577 577députés 17ᵉ législature

amendement n° 10 commission Adopté

Amendement n° 10 — ARTICLE PREMIER

Auteur : Sophie Taillé-Polian — Écologiste et Social (Val-de-Marne · 11ᵉ)
Texte visé : Projet de loi relatif à la restitution de biens culturels provenant d’États...
Article : ARTICLE PREMIER
Date de dépôt : 2026-04-09
Date de sort : 2026-04-13
Discussion en séance : RUANR5L17S2026IDS30483 (un scrutin public peut ne pas avoir été tenu sur cet amendement)

Dispositif

Compléter cet article par l’alinéa suivant :

« IV. – Cette liste est actualisée et complétée au fur et à mesure de l’avancement des travaux de recherche de provenance, afin d’intégrer les biens culturels nouvellement identifiés comme susceptibles de relever d’une appropriation illicite. »

Exposé sommaire

Cet amendement vise à inscrire dans la durée le travail d’identification des biens culturels susceptibles de relever d’une appropriation illicite.

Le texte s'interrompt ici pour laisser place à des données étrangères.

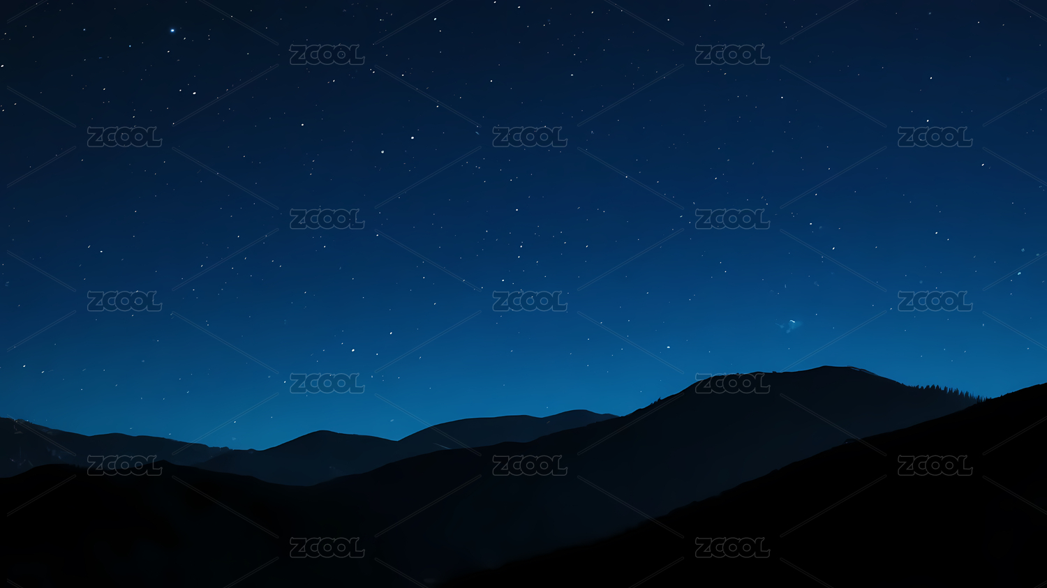 深蓝,自然,宁静,神秘,夜空,星星,山脉,轮廓,风景,宇宙

La recherche de provenance est, par nature, un travail évolutif, fondé sur l’exploration progressive des archives, des collections et des sources scientifiques. De nombreux biens aujourd’hui non identifiés pourraient l’être à l’avenir, à mesure que les connaissances dans le secteur des recherches d’identification et de provenance progressent.

Il est donc essentiel que la liste des biens concernés ne soit pas figée, mais qu’elle fasse l’objet d’une actualisation régulière et d’un enrichissement continu.

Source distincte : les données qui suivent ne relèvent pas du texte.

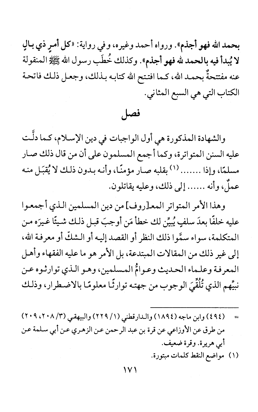 ...... ففي هذه الرسائل ذكر الحمد لله والصلاة على رسول الله ...... وشهادة [أن لا إله إلا الله وأن] محمدًا عبده ورسوله، .... للشهادة بالرسالة، ويوافقه الحديث المرفوع في السنن: «ما اجتمع قومٌ مجلسًا ثمَّ تفرَّقوا عنه، ولم يذكروا الله فيه، ولم يُصلُّوا على نبيِّهم،

En prévoyant explicitement cette dimension évolutive, le présent amendement vise à encourager le développement des travaux de recherche de provenance, à valoriser leur apport, et à garantir que les nouvelles connaissances produites soient effectivement mises à disposition des États concernés.

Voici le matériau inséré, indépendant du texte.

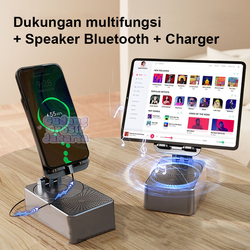 Stand HP 3in1 Speaker Bluetooth+PowerBank 10.000mAh+Holder Lipat Portable Charger & Audio Praktis

Cette dynamique permettrait également d’éviter que certains biens échappent durablement à toute visibilité, faute d’avoir été identifiés à un instant donné.

Enfin, cet amendement contribue à renforcer l’effectivité du dispositif de restitution, en affirmant qu’il ne saurait reposer uniquement sur les connaissances actuelles, mais doit s’inscrire dans un processus continu de mise au jour des biens concernés, notamment issus de contextes historiques marqués par la colonisation.